◆ **Problem**
Write out the listing from the line with "Price includes: $1000" to the line with "This chest boxed", both lines included, exactly and nothing beyond. Leave pictures out.

◆ **Data under study**

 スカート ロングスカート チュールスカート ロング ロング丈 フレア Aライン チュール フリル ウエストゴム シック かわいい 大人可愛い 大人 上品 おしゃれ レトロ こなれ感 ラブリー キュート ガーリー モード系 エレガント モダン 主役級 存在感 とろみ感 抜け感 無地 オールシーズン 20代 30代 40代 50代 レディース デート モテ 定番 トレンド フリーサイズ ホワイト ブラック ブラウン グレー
* * *
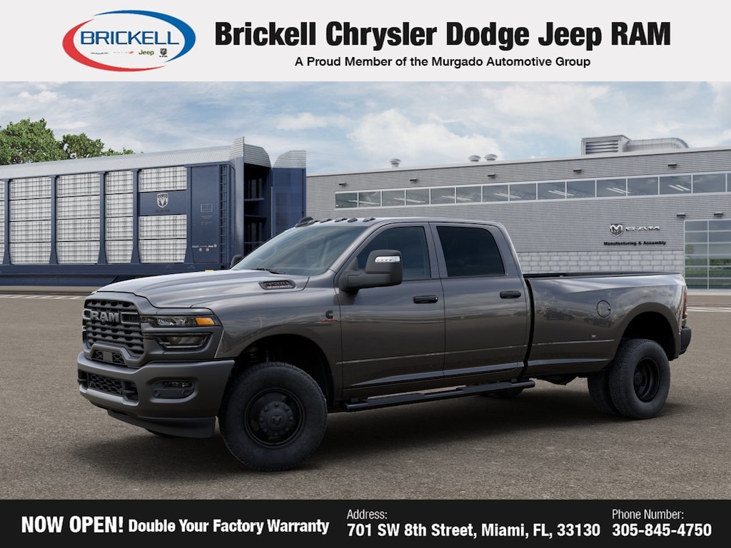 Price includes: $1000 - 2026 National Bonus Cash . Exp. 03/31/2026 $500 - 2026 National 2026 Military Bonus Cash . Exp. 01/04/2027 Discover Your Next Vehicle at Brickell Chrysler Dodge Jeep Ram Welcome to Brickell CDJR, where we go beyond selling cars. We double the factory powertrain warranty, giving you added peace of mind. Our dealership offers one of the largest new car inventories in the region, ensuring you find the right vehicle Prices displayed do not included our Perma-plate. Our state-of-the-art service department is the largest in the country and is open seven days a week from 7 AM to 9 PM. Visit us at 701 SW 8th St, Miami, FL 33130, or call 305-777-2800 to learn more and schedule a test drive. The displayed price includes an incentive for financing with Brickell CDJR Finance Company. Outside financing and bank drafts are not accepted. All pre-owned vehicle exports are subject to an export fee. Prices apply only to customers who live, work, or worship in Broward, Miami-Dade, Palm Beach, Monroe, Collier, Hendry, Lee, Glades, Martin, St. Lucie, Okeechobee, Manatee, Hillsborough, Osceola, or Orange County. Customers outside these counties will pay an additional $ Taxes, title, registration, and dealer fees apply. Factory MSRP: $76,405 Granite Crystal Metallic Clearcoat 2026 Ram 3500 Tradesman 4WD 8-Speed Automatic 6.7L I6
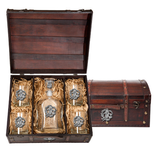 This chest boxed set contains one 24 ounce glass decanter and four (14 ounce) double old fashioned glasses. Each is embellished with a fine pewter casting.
==
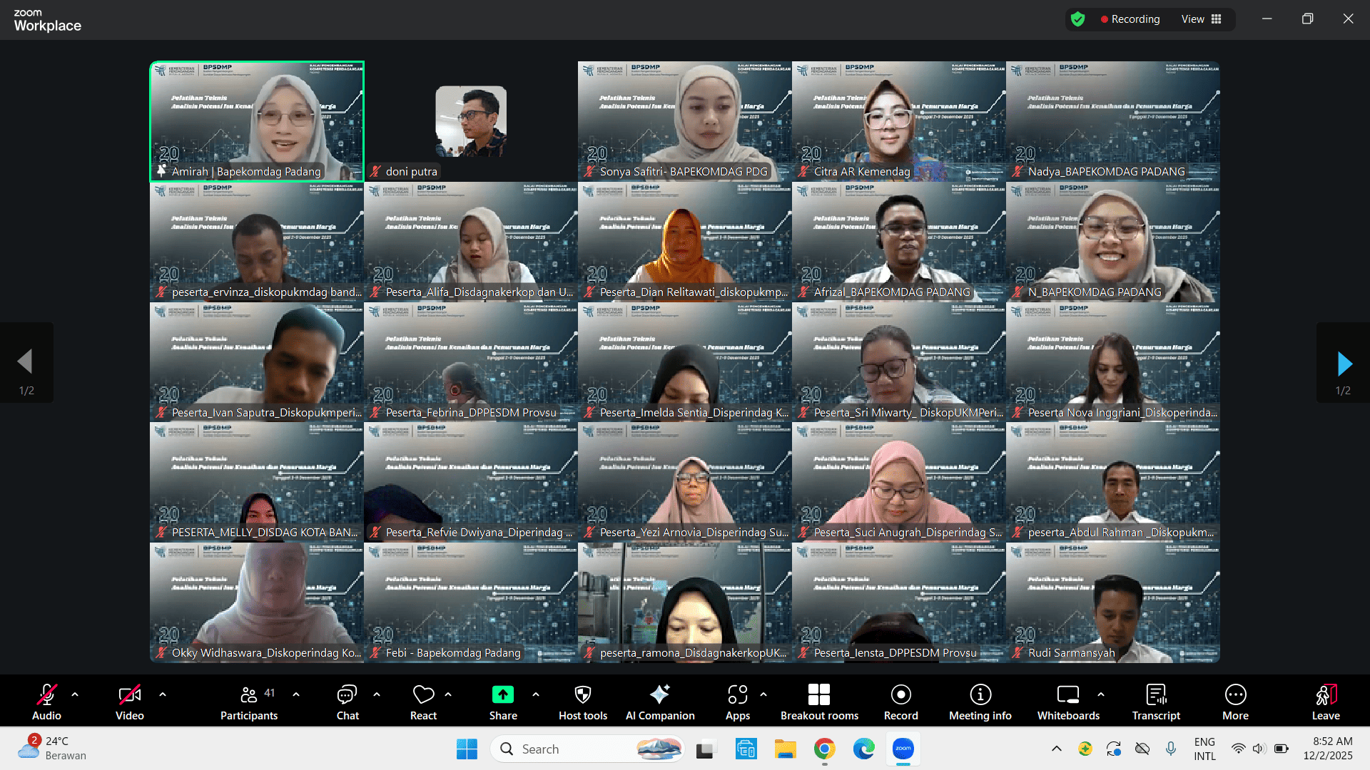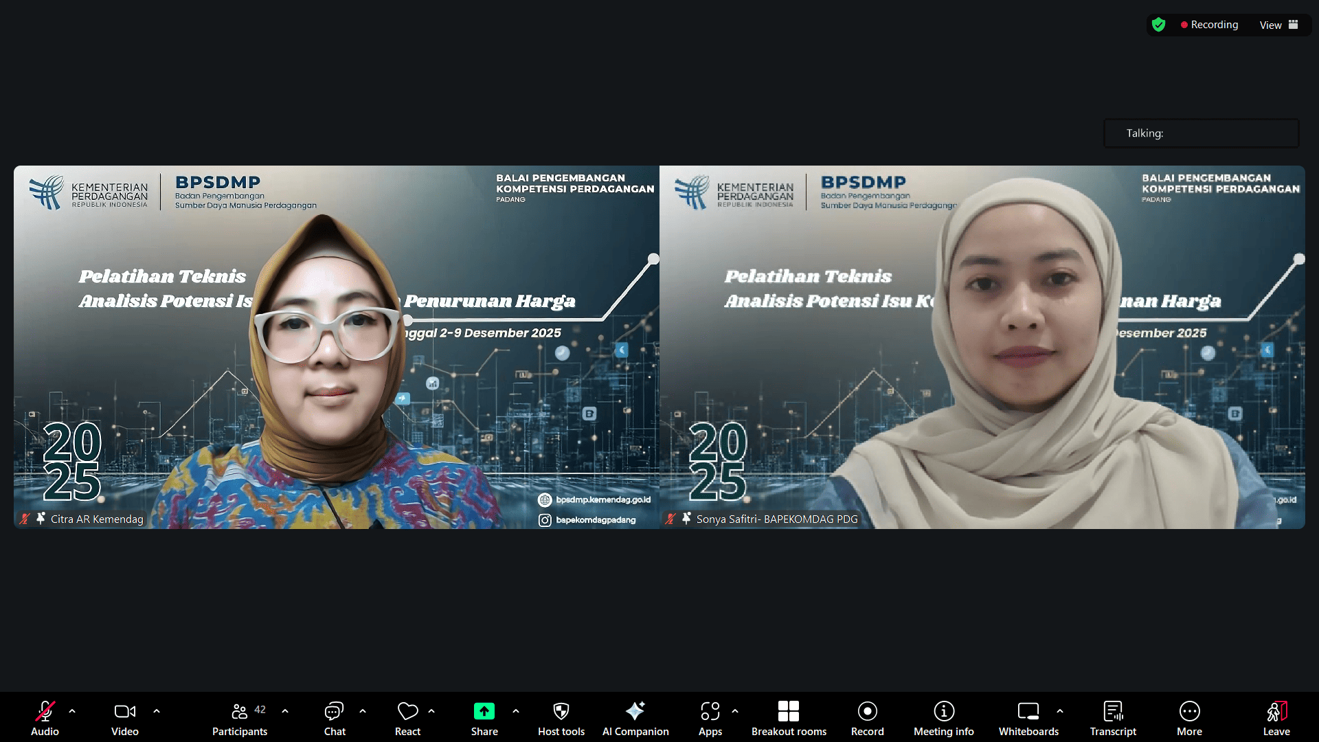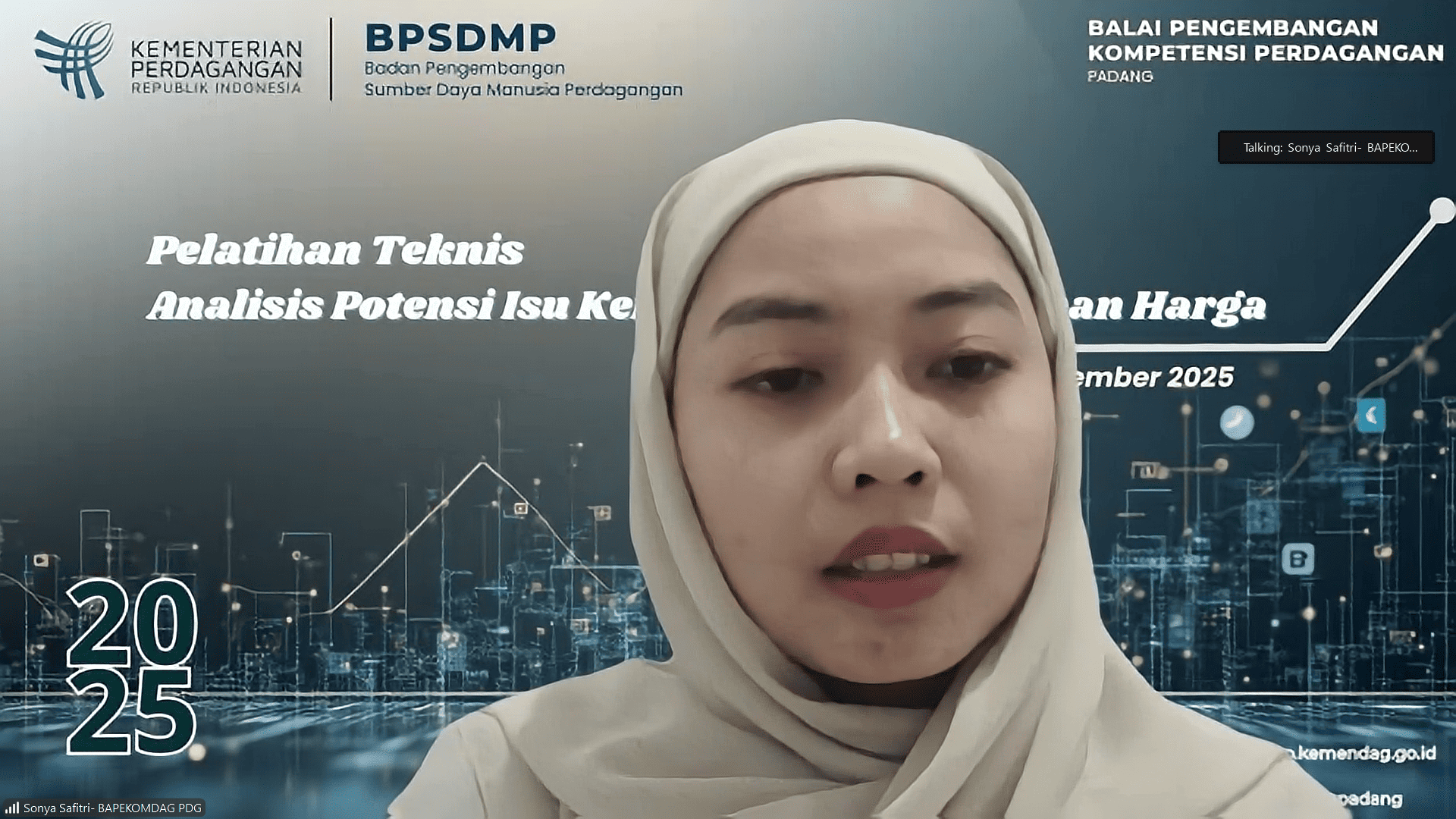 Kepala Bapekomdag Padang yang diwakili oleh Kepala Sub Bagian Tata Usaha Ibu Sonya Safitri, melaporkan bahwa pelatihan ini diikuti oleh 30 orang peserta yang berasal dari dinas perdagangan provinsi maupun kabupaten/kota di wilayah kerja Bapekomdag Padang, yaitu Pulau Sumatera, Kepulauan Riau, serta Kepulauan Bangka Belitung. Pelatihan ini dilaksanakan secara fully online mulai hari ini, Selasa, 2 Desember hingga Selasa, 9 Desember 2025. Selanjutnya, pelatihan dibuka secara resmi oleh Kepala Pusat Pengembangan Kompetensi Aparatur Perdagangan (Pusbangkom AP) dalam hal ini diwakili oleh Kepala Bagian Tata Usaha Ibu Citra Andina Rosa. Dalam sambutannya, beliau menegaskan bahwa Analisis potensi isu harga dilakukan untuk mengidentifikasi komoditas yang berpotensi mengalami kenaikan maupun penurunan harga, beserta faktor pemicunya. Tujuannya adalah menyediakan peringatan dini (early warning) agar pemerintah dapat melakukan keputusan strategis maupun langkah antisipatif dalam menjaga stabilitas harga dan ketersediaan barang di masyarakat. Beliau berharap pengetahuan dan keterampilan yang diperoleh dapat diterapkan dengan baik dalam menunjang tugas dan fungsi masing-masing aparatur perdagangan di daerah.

◆ **Response for this exercise**
 Price includes: $1000 - 2026 National Bonus Cash . Exp. 03/31/2026 $500 - 2026 National 2026 Military Bonus Cash . Exp. 01/04/2027 Discover Your Next Vehicle at Brickell Chrysler Dodge Jeep Ram Welcome to Brickell CDJR, where we go beyond selling cars. We double the factory powertrain warranty, giving you added peace of mind. Our dealership offers one of the largest new car inventories in the region, ensuring you find the right vehicle Prices displayed do not included our Perma-plate. Our state-of-the-art service department is the largest in the country and is open seven days a week from 7 AM to 9 PM. Visit us at 701 SW 8th St, Miami, FL 33130, or call 305-777-2800 to learn more and schedule a test drive. The displayed price includes an incentive for financing with Brickell CDJR Finance Company. Outside financing and bank drafts are not accepted. All pre-owned vehicle exports are subject to an export fee. Prices apply only to customers who live, work, or worship in Broward, Miami-Dade, Palm Beach, Monroe, Collier, Hendry, Lee, Glades, Martin, St. Lucie, Okeechobee, Manatee, Hillsborough, Osceola, or Orange County. Customers outside these counties will pay an additional $ Taxes, title, registration, and dealer fees apply. Factory MSRP: $76,405 Granite Crystal Metallic Clearcoat 2026 Ram 3500 Tradesman 4WD 8-Speed Automatic 6.7L I6
 This chest boxed set contains one 24 ounce glass decanter and four (14 ounce) double old fashioned glasses. Each is embellished with a fine pewter casting.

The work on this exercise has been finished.